Practice item. Set the material below down again exactly, with no pictures.

Material provided:
—————
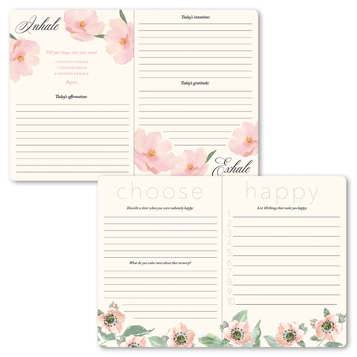 Deep breathing, gratitude, being present, and cultivating good habits. Our inspirational soul journal has spreads with spaces for things like goals and steps to achieve them, things that make you happy, and things that you are grateful for. 192 full color pages of eight alternating guided life improvement spreads give you plenty of room to work on living your best life.
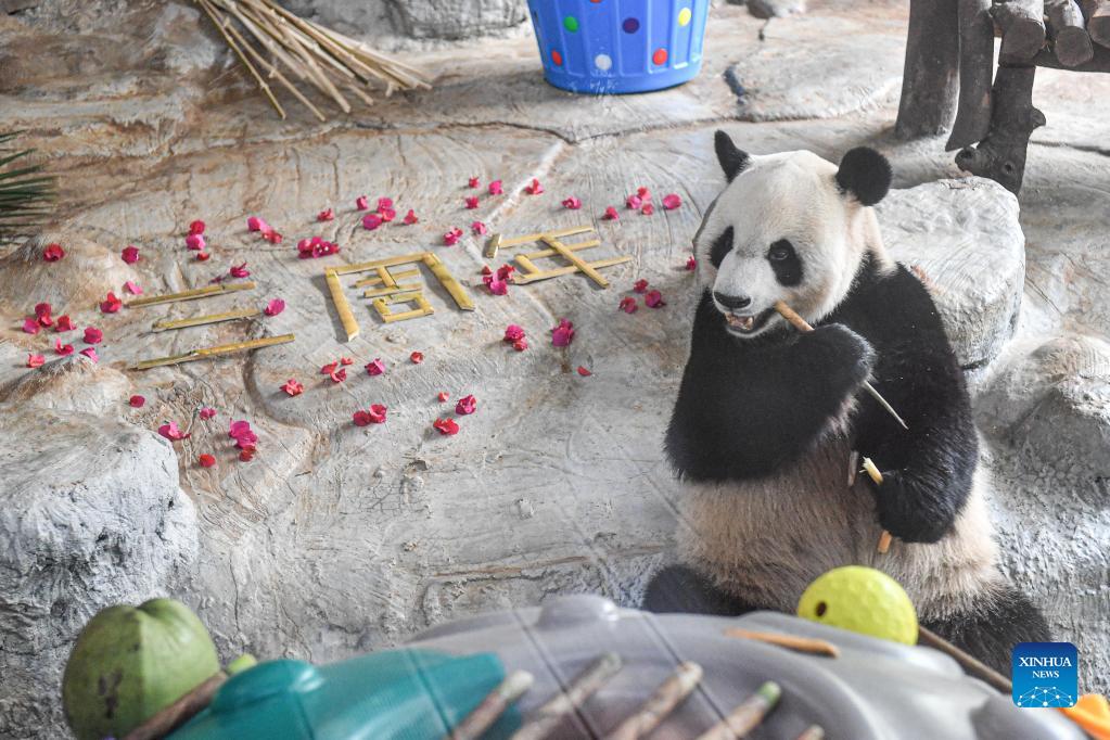 Haikou holds celebrations for two giant pandas inhabiting island for three years
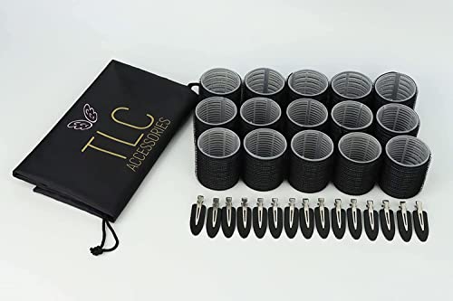 - <p><strong>Package includes:</strong> TLC Rollers set includes 15 44mm self-grip velcro hair rollers in the colour Black, 15 duckbill clips to hold the rollers in place and 1 black drawstring storage bag.</p>
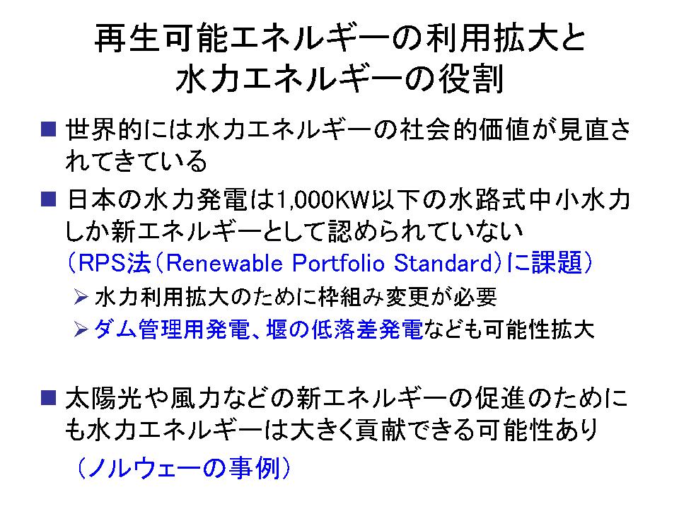 最後、エネルギーです。エネルギーは、米田先生からも話がありましたけれども、「水力エネルギーの社会的価値が世界的に見直されてきている」と書きましたけども、日本では余り高まっていないと言いますか、余り話題にならないのが非常に残念です。ヨーロッパとかアメリカなんかは非常にやってます。非常に盛んです。それは、新エネルギーとか再生エネルギーとか言葉の問題ももちろんあると思うんですが、RPS法なんかにも課題があるとのお話を伺っていますし、それからダムについては、やはり未利用エネルギーがたくさんある。これにもっと投資をして、エネルギーとして産み出していく事が必要だろうと思います。それから、もう一点最後はノルウェーの事例なんですけれども、新エネルギー、再生可能エネルギーを安定的に社会に供給するためには、実は水力の役割が必要であるという話です。
—————
Exercise answer:
 Deep breathing, gratitude, being present, and cultivating good habits. Our inspirational soul journal has spreads with spaces for things like goals and steps to achieve them, things that make you happy, and things that you are grateful for. 192 full color pages of eight alternating guided life improvement spreads give you plenty of room to work on living your best life.
 Haikou holds celebrations for two giant pandas inhabiting island for three years
 - <p><strong>Package includes:</strong> TLC Rollers set includes 15 44mm self-grip velcro hair rollers in the colour Black, 15 duckbill clips to hold the rollers in place and 1 black drawstring storage bag.</p>
 最後、エネルギーです。エネルギーは、米田先生からも話がありましたけれども、「水力エネルギーの社会的価値が世界的に見直されてきている」と書きましたけども、日本では余り高まっていないと言いますか、余り話題にならないのが非常に残念です。ヨーロッパとかアメリカなんかは非常にやってます。非常に盛んです。それは、新エネルギーとか再生エネルギーとか言葉の問題ももちろんあると思うんですが、RPS法なんかにも課題があるとのお話を伺っていますし、それからダムについては、やはり未利用エネルギーがたくさんある。これにもっと投資をして、エネルギーとして産み出していく事が必要だろうと思います。それから、もう一点最後はノルウェーの事例なんですけれども、新エネルギー、再生可能エネルギーを安定的に社会に供給するためには、実は水力の役割が必要であるという話です。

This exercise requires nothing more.